### [Record extracts]
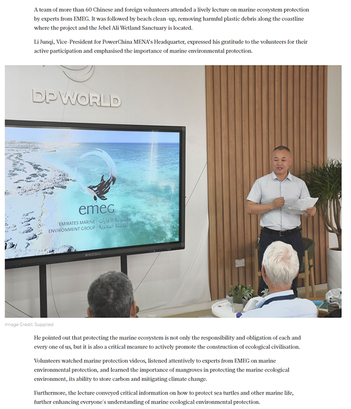 报道详细介绍了公益活动的开展情况。本次活动由中外各方60余名志愿者所组成的团队参加,邀请了阿联酋海洋环境环保机构环境组织专家作海洋生态系统保护讲座,并在中国电建哈斯彦项目所在地附近海岸线及杰贝阿里湿地保护区清理了海滩有害垃圾。报道指出,中国电建作为全球清洁低碳能源建设领域的领先企业,始终坚持可持续、绿色低碳发展理念,主动承担环境保护责任,致力于做好环境管理工作。 - V+ N. s# h* T5 B# Q6 ~. g
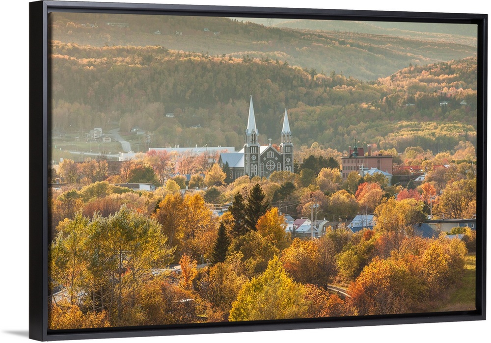 <p>Canada, Quebec, Capitale-Nationale Region, Charlevoix, Baie St-Paul, Elevated View Of Town Church, Autumn</p>
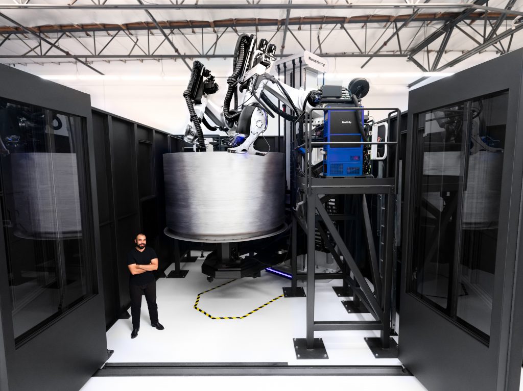 △RelativitySpace 联合创始人兼前首席技术官乔丹·诺恩 (JordanNoone) 与星际之门 3D 打印机合影。照片来自Relativity Space
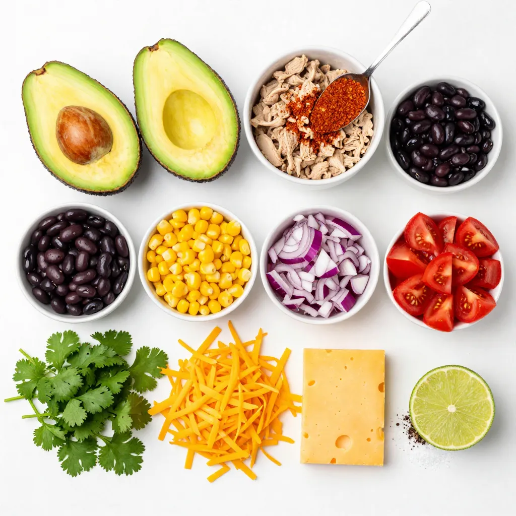 These ingredients bring bold flavors and vibrant colors to the dish. Ripe avocados are key for a creamy base. Ground turkey or beef adds protein. Taco seasoning gives it that classic taste. Black beans and corn add texture and nutrition. Diced tomatoes and red onion bring freshness. Shredded cheese melts perfectly on top. Fresh cilantro brightens the dish with its herbal notes. Lime juice adds a tangy kick. Salt and pepper enhance all the flavors. You can mix in optional toppings to customize your avocado. Enjoy creating this tasty treat!
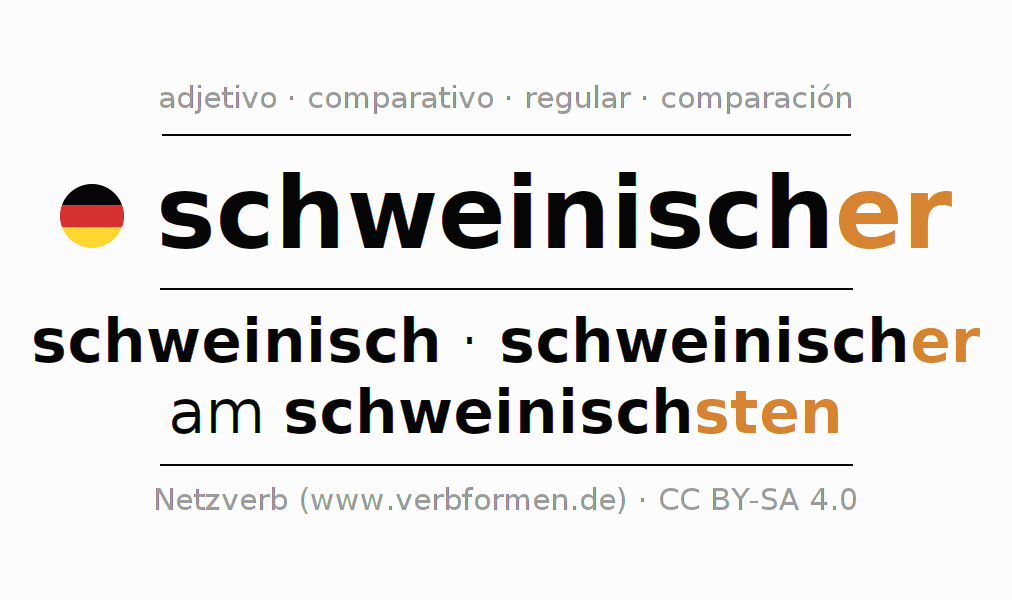 El comparativo en forma de tabla con todas sus formas de declinación: fuerte, débil y mixta. Estas están representadas de forma clara en una tabla sinópica en singular, plural y en los cuatro casos gramaticales: nominativo (primer caso), genitivo (segundo caso), dativo (tercer caso) y acusativo (cuarto caso). Aquí encontraras más información acerca del tema Wiktionary schweinischer y aquí también a través del Duden schweinischer.
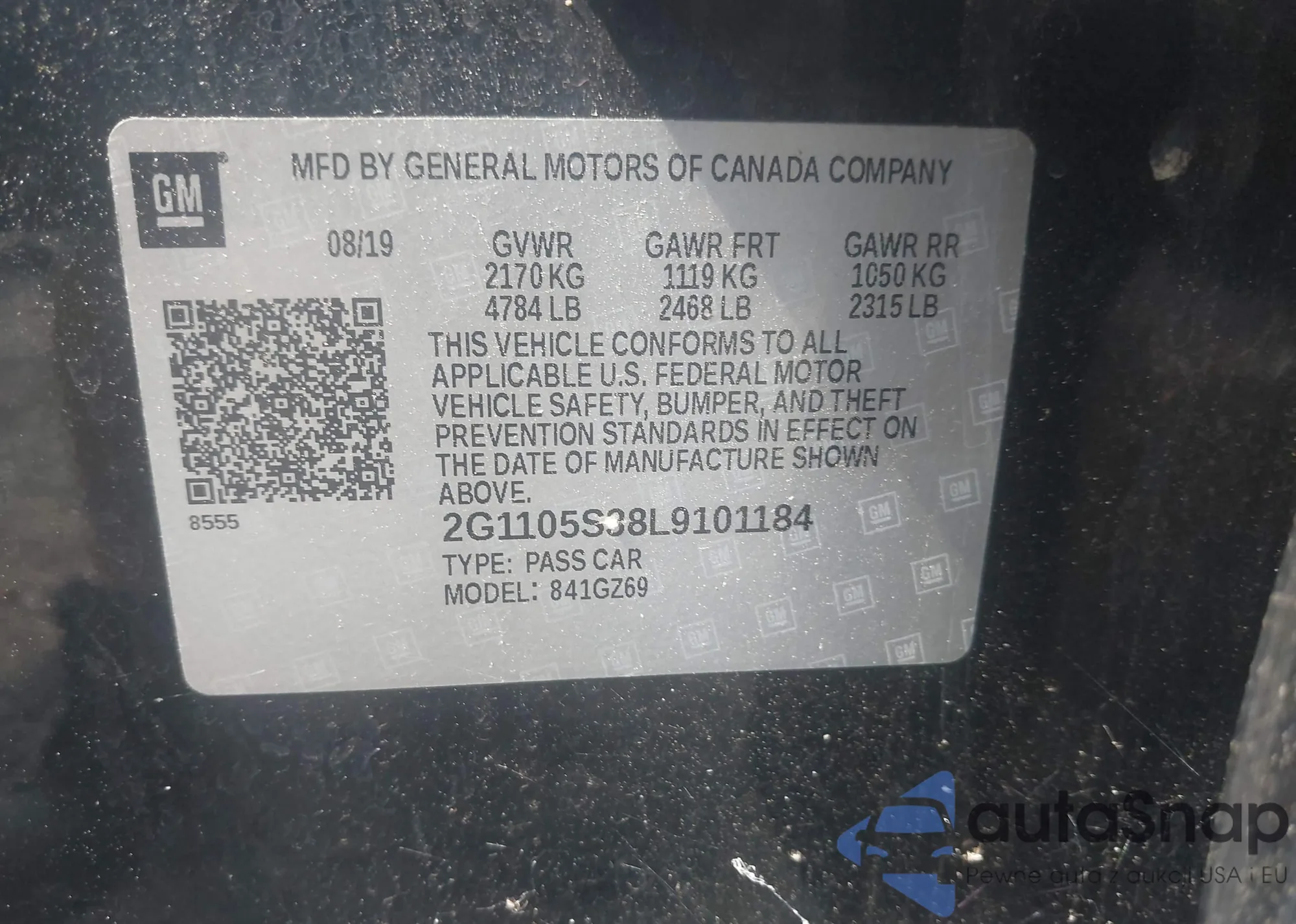 • VIN 2G1105S38L9101184
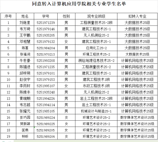桂林理工大学南宁分校计算机应用学院2025级全日制大专学生转换专业学生名单公示
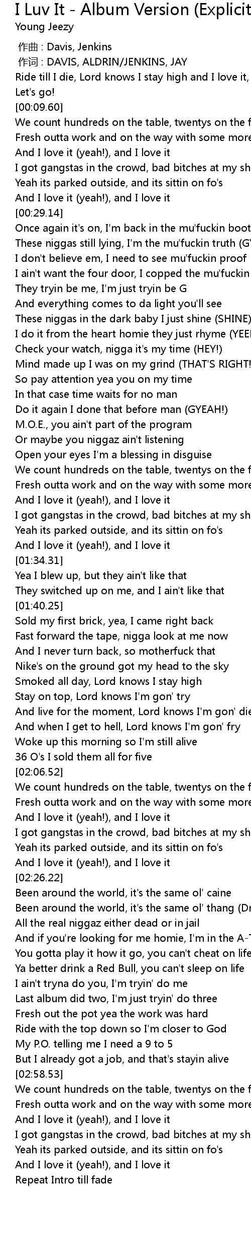 | [00:01.22] | Ride till I die, Lord knows I stay high and I love it, and I love it |
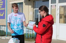 Волонтеры поздравили жителей с наступающим праздником и пригласили на праздничные мероприятия. -
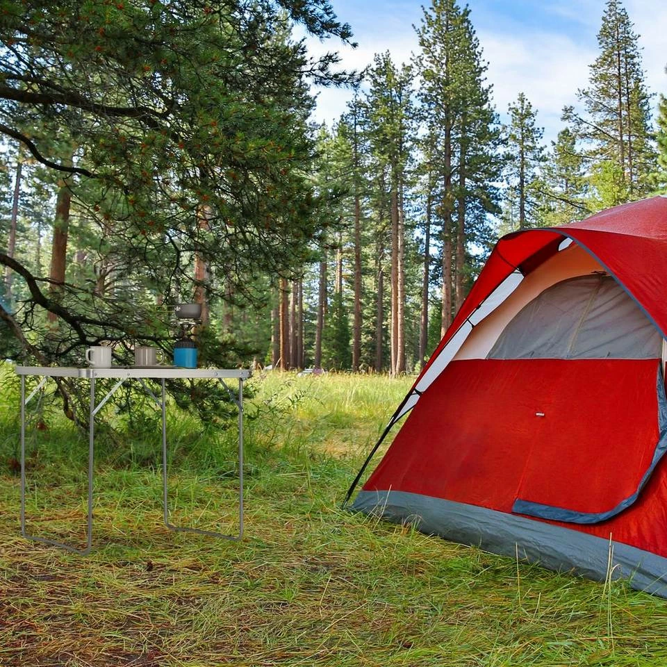 - Kompakt: Am rechteckigen Alu-Campingtisch finden bis zu 4 Personen Platz – Ideal für Familienausflüge
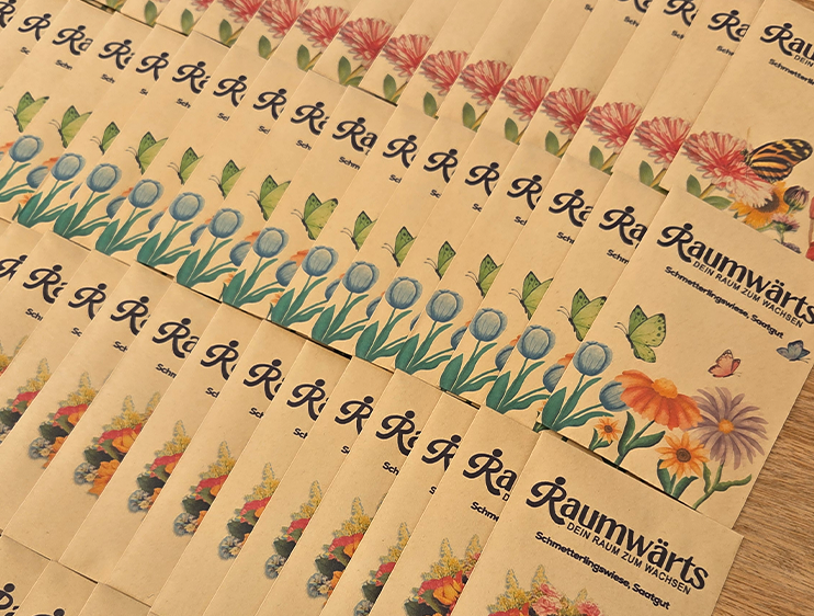 Für Raumwärts durften wir ein umfangreiches Branding-Paket entwickeln, das den Charakter des Unternehmens visuell transportiert: offen, herzlich und verbindend. Den Grundstein legte ein einzigartiges Logo, das sowohl Wiedererkennbarkeit schafft als auch das Community-Gefühl von Raumwärts widerspiegelt. Aufbauend darauf entstand eine Produktwelt mit liebevollen Details und hohem Wiedererkennungswert: individuell gestaltete TicTacToe-Spiele, klassische Einkaufstaschen, Samen-Info-Karten, Aufkleber und passende Samentütchen, die symbolisch das „Wachsen“ der Gemeinschaft betonen.
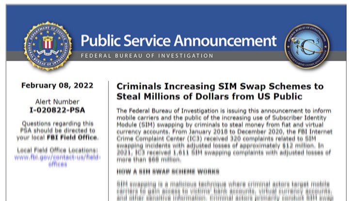 美国联邦调查局(FBI)表示,2021年整年,他们收到了1611起与 SIM卡交换的投诉,调整后的损失超过6800万美元。相比之下,该机构从2018年到2020年收到了320起与 SIM卡交换事件有关的投诉,调整后的损失约为1200万美元。
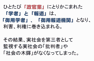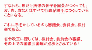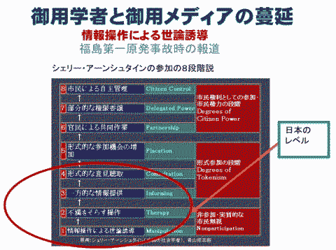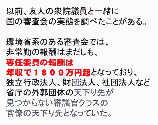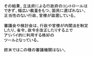 2012年1月30日、夜6:30〜東京都千代田区神田にある岩波セミナールームにてNPJ主催により、日隅一雄弁護士と青山貞一が「審議会が本来の機能を取り戻すために」をテーマに対談を行った。NPJはNews for the People in Japanの略で、弁護士らによる情報発信とコミュニケーションのプラットホームである。 以下の写真にあるように会場は、満員御礼となった。 ![]() 写真撮影:鷹取敦 (独立系メディアE-wave Tokyo) ※日隅一雄弁護士は海渡、只野、村上弁護士の同僚で東京共同 法律事務所に所属している。この日が誕生日とのことで終了後、 バースデーケーキがふるまわれた。 私は以前、立教大学の大階段教室で、日隅さんが企画された、 やはり審議会改革に関するシンポジウムに立教大学の服部先生、 東大大学院の醍醐先生らと共にパネリストとして参加したことがある。 当日は、日隅弁護士がこの間の経緯、今回の企画(連続対談企画〜無制限10本勝負)の趣旨について10分ほど説明された。連続対談企画〜無制限10本勝負 その後、青山貞一が40分弱、123枚のパワーポイントと8本の動画を使ってプレゼンを行った。 青山貞一のレジメ(12P,PDF) 以下は使った123枚のパワーポイントの一部である。 ![]() ![]() ![]() ![]() ![]() ![]() ◆青山貞一: 原発と民主主義(一問一答) ![]() ![]() ![]() ![]() ![]() ![]() ![]() ![]() ![]() ![]() ![]() ![]() ![]() ![]() ![]() ![]() ![]() 出典:東京新聞 ![]() ![]() ![]() ![]() ![]() ![]() ![]() ![]() 出典:朝日新聞 日本の審議会の在り方が徹底議論された環境アセスメント学会のシンポジウム(青山が司会、場所は東京工業大学大学院)。この学会シンポジウムは一般公開、実に3時間弱議論した。 ◆エネルギー政策選択と戦略的環境アセスメント・シンポジウム@ ◆エネルギー政策選択と戦略的環境アセスメント・シンポジウムA ◆エネルギー政策選択と戦略的環境アセスメント・シンポジウムB ◆エネルギー政策選択と戦略的環境アセスメント・シンポジウムC ◆エネルギー政策選択と戦略的環境アセスメント・シンポジウムD 15年前の原子力政策円卓会議のトップバッターでプレゼンする池田こみち(環境総合研究所副所長) ◆池田こみち:第一回原子力政策円卓会議での問題提起 ![]() ![]() ![]() ![]() ◆青山貞一:日本の大マスコミが抱える深刻な問題 ![]() ![]() ![]() ![]() ![]() ![]() ![]() 参議院予算委員会で公述し議員と質疑に対応する青山貞一 ![]() ![]() ![]() ![]() ![]() ![]() ![]() ![]() ![]() ![]() ![]() 青山のプレゼンを受ける形で日隅弁護士が日本の審議会改革のひとつの切り札となりうる「英国の公職コミッショナー制度」について15分ほど講演された。 「英国の公職コミッショナー制度」については、すでに日隅さんと青山で以下の著作を一昨年に現代書館から発行している。
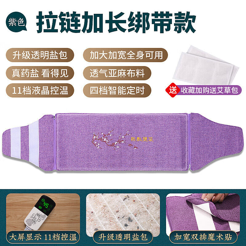 JCZS海盐热敷包电加热理疗全身适用 【加长绑带紫】全配置+档控温+智能数显定时+3

### [Assignment]
From the first line to the last, set down the records above exactly and skip the pictures.

### [Solution to the problem]
 报道详细介绍了公益活动的开展情况。本次活动由中外各方60余名志愿者所组成的团队参加,邀请了阿联酋海洋环境环保机构环境组织专家作海洋生态系统保护讲座,并在中国电建哈斯彦项目所在地附近海岸线及杰贝阿里湿地保护区清理了海滩有害垃圾。报道指出,中国电建作为全球清洁低碳能源建设领域的领先企业,始终坚持可持续、绿色低碳发展理念,主动承担环境保护责任,致力于做好环境管理工作。 - V+ N. s# h* T5 B# Q6 ~. g
 <p>Canada, Quebec, Capitale-Nationale Region, Charlevoix, Baie St-Paul, Elevated View Of Town Church, Autumn</p>
 △RelativitySpace 联合创始人兼前首席技术官乔丹·诺恩 (JordanNoone) 与星际之门 3D 打印机合影。照片来自Relativity Space
 These ingredients bring bold flavors and vibrant colors to the dish. Ripe avocados are key for a creamy base. Ground turkey or beef adds protein. Taco seasoning gives it that classic taste. Black beans and corn add texture and nutrition. Diced tomatoes and red onion bring freshness. Shredded cheese melts perfectly on top. Fresh cilantro brightens the dish with its herbal notes. Lime juice adds a tangy kick. Salt and pepper enhance all the flavors. You can mix in optional toppings to customize your avocado. Enjoy creating this tasty treat!
 El comparativo en forma de tabla con todas sus formas de declinación: fuerte, débil y mixta. Estas están representadas de forma clara en una tabla sinópica en singular, plural y en los cuatro casos gramaticales: nominativo (primer caso), genitivo (segundo caso), dativo (tercer caso) y acusativo (cuarto caso). Aquí encontraras más información acerca del tema Wiktionary schweinischer y aquí también a través del Duden schweinischer.
 • VIN 2G1105S38L9101184
桂林理工大学南宁分校计算机应用学院2025级全日制大专学生转换专业学生名单公示
 | [00:01.22] | Ride till I die, Lord knows I stay high and I love it, and I love it |
 Волонтеры поздравили жителей с наступающим праздником и пригласили на праздничные мероприятия. -
 - Kompakt: Am rechteckigen Alu-Campingtisch finden bis zu 4 Personen Platz – Ideal für Familienausflüge
 Für Raumwärts durften wir ein umfangreiches Branding-Paket entwickeln, das den Charakter des Unternehmens visuell transportiert: offen, herzlich und verbindend. Den Grundstein legte ein einzigartiges Logo, das sowohl Wiedererkennbarkeit schafft als auch das Community-Gefühl von Raumwärts widerspiegelt. Aufbauend darauf entstand eine Produktwelt mit liebevollen Details und hohem Wiedererkennungswert: individuell gestaltete TicTacToe-Spiele, klassische Einkaufstaschen, Samen-Info-Karten, Aufkleber und passende Samentütchen, die symbolisch das „Wachsen“ der Gemeinschaft betonen.
 美国联邦调查局(FBI)表示,2021年整年,他们收到了1611起与 SIM卡交换的投诉,调整后的损失超过6800万美元。相比之下,该机构从2018年到2020年收到了320起与 SIM卡交换事件有关的投诉,调整后的损失约为1200万美元。
 2012年1月30日、夜6:30〜東京都千代田区神田にある岩波セミナールームにてNPJ主催により、日隅一雄弁護士と青山貞一が「審議会が本来の機能を取り戻すために」をテーマに対談を行った。NPJはNews for the People in Japanの略で、弁護士らによる情報発信とコミュニケーションのプラットホームである。 以下の写真にあるように会場は、満員御礼となった。 ![]() 写真撮影:鷹取敦 (独立系メディアE-wave Tokyo) ※日隅一雄弁護士は海渡、只野、村上弁護士の同僚で東京共同 法律事務所に所属している。この日が誕生日とのことで終了後、 バースデーケーキがふるまわれた。 私は以前、立教大学の大階段教室で、日隅さんが企画された、 やはり審議会改革に関するシンポジウムに立教大学の服部先生、 東大大学院の醍醐先生らと共にパネリストとして参加したことがある。 当日は、日隅弁護士がこの間の経緯、今回の企画(連続対談企画〜無制限10本勝負)の趣旨について10分ほど説明された。連続対談企画〜無制限10本勝負 その後、青山貞一が40分弱、123枚のパワーポイントと8本の動画を使ってプレゼンを行った。 青山貞一のレジメ(12P,PDF) 以下は使った123枚のパワーポイントの一部である。 ![]() ![]() ![]() ![]() ![]() ![]() ◆青山貞一: 原発と民主主義(一問一答) ![]() ![]() ![]() ![]() ![]() ![]() ![]() ![]() ![]() ![]() ![]() ![]() ![]() ![]() ![]() ![]() ![]() 出典:東京新聞 ![]() ![]() ![]() ![]() ![]() ![]() ![]() ![]() 出典:朝日新聞 日本の審議会の在り方が徹底議論された環境アセスメント学会のシンポジウム(青山が司会、場所は東京工業大学大学院)。この学会シンポジウムは一般公開、実に3時間弱議論した。 ◆エネルギー政策選択と戦略的環境アセスメント・シンポジウム@ ◆エネルギー政策選択と戦略的環境アセスメント・シンポジウムA ◆エネルギー政策選択と戦略的環境アセスメント・シンポジウムB ◆エネルギー政策選択と戦略的環境アセスメント・シンポジウムC ◆エネルギー政策選択と戦略的環境アセスメント・シンポジウムD 15年前の原子力政策円卓会議のトップバッターでプレゼンする池田こみち(環境総合研究所副所長) ◆池田こみち:第一回原子力政策円卓会議での問題提起 ![]() ![]() ![]() ![]() ◆青山貞一:日本の大マスコミが抱える深刻な問題 ![]() ![]() ![]() ![]() ![]() ![]() ![]() 参議院予算委員会で公述し議員と質疑に対応する青山貞一 ![]() ![]() ![]() ![]() ![]() ![]() ![]() ![]() ![]() ![]() ![]() 青山のプレゼンを受ける形で日隅弁護士が日本の審議会改革のひとつの切り札となりうる「英国の公職コミッショナー制度」について15分ほど講演された。 「英国の公職コミッショナー制度」については、すでに日隅さんと青山で以下の著作を一昨年に現代書館から発行している。
 JCZS海盐热敷包电加热理疗全身适用 【加长绑带紫】全配置+档控温+智能数显定时+3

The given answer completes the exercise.